For a long time, Viernheim belonged to the Archbishopric of Mainz. Owing to changing lords in the 15th and 16th centuries, the townsfolk had to convert seven times because of the Peace of Augsburg. When the town passed back to the Electorate of Mainz, however, Roman Catholicism kept its place as the local denomination. In the early 20th century, the Lutheran townsfolk who had by now been drawn to the town got their own church in Viernheim.

===Churches===
Today in Viernheim, there are three Catholic parishes, St. Michael, St. Hildegard merged in 2015, St. Marien and St. Aposteln, which belong to the deanery of Bergstraße-West of the Bishopric of Mainz, and two Lutheran parishes, Auferstehungskirche ("Church of the Resurrection") and Christuskirche, which both belong to the deanery of Bergstraße-Süd of the Lutheran Church in Hesse and Nassau.

Besides the two big churches, the Bund Freier evangelischer Gemeinden in Deutschland ("League of Free Evangelical Parishes in Germany") has a parish, as do the Evangeliumschristen-Baptisten ("Gospel Christian Baptists"), the New Apostolic Church and the Jehovah's Witnesses. There has been no Jewish community in town since National Socialist times. The synagogue on Hügelstraße, consecrated on 31 August 1827, was destroyed by the SA along with some locals on 10 November 1938 during the Kristallnacht pogrom.

==Politics==

===Town council===

The municipal election held on 27 March 2011 yielded the following results:

| Parties and voter communities |  | % 2011 | seats 2011 | % 2006 | seats 2006 | % 2001 | 'seats 2001 |
| SPD | Social Democratic Party of Germany | 44.3 | 20 | 43.9 | 20 | 42.5 | 19 |
| CDU | Christian Democratic Union of Germany | 38.4 | 17 | 48.5 | 22 | 50.0 | 23 |
| Greens | Bündnis 90/Die Grünen | 12.9 | 6 | 5.4 | 2 | 5.6 | 2 |
| The Left | Die Linke Viernheim | 3.7 | 2 | – | – | – | – |
| FDP | Free Democratic Party | 0,7 | 0 | – | – | – | – |
| VL | VIERNHEIM LIST | – | – | 2.1 | 1 | 1.9 | 1 |
| Total |  | 100 | 45 | 100 | 45 | 100 | 45 |
| Turnout in Percent |  | 41.6 |  | 40.3 |  | 44.9 |  |

===Mayors===
Heading the town is the Mayor (Bürgermeister) who is directly elected by the people for a term of six years.

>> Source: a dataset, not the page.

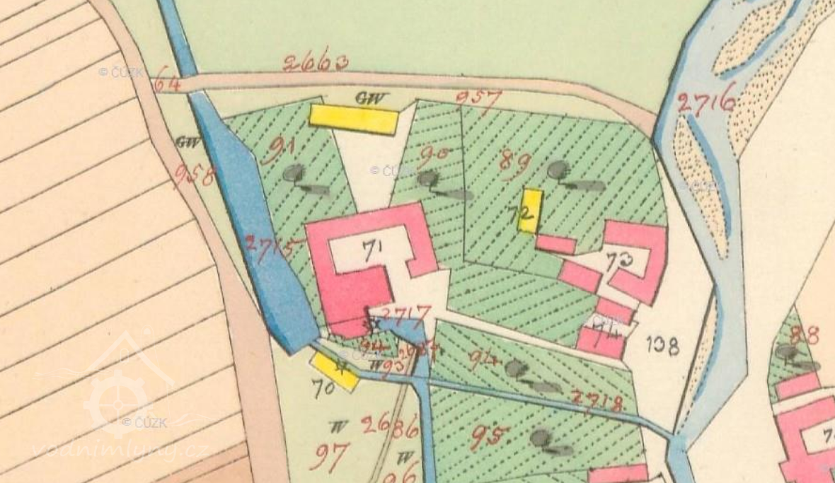 Popis1930: 1 kolo na svrchní vodu, hltnost 0,7 m3/s, spád 5,7 m, výkon 3,5 HP
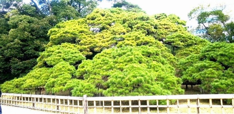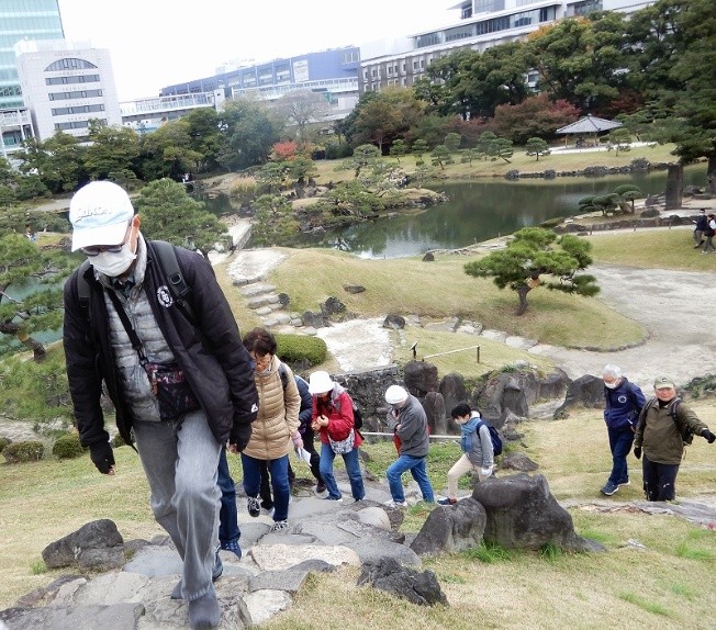 当日は、祭日(休日)であったので、立ち寄り地は行事開催もあって何処も多くの人々で溢れていた。浜離宮恩賜公園内は「西洋馬術導入の地」であり、流鏑馬(やぶさめ)・現代馬術に関するパネルや馬具の展示、木馬試乗や弓体験などが開催されていた。木馬試馬や弓体験には、ウォーキング参加者も体験した。大手門出口近くの6代将軍徳川家宣が植えた「三百年の松」を暫し観た後は、園外コースウォークが続いた。

Mayor Matthias Baaß (SPD) has been in office since 1997 and was re-elected on 7 June 2009 to his third term with 72.1% of the vote. The next mayoral election is planned for 2015.

At his side is the First Town Councillor (Erster Stadtrat), along with 11 part-time councillors. They are all chosen by the town assembly (Stadtverordnetenversammlung) for terms of six and five years respectively and reflect the assembly's political makeup at the time of their appointments.

The Mayor, the First Town Councillor and the 11 part-time councillors together form the town's executive (Magistrat).

Following is a list of the town's mayors since 1822 (from 1649 to 1822, eight Schultheißen – roughly "sheriffs" – are known to history):

- 1822–1824: Joh. Jakob Georgi
- 1825–1842: Johann Beikert
- 1842–1847: Georg Kühner
- 1848–1853: Peter Minnig
- 1853–1862: Johann Kempf
- 1862–1873: Michael Keller
- 1873–1875: Johann Winkler 5.
- 1875–1895: Johann Bläß 1.
- 1895–1904: Georg Pfützer 2.
- 1904–1913: Gg. Friedrich Kühlwein
- 1913–1933: Jean Lamberth (Centre Party)
- 1933–1945: Hanns Bechtel (NSDAP)
- 1945: Martin Alter
- 1945–1946: Nikolaus Schlosser
- 1946–1960: Lorenz Neff (SPD)
- 1960–1975: Hans Mandel (SPD)
- 1975–1981: Erwin Bugert (SPD)
- 1981–1987: Josef Baumgärtner (CDU)
- 1987–1997: Norbert Hofmann (SPD)
- since 1997: Matthias Baaß (SPD)

===Coat of arms===
The town's arms might be described thus: Party per fess, above azure the Lion of Hesse armed and crowned Or and langued gules, below party per pale gules a six-spoked wheel argent and Or a Gothic four sable.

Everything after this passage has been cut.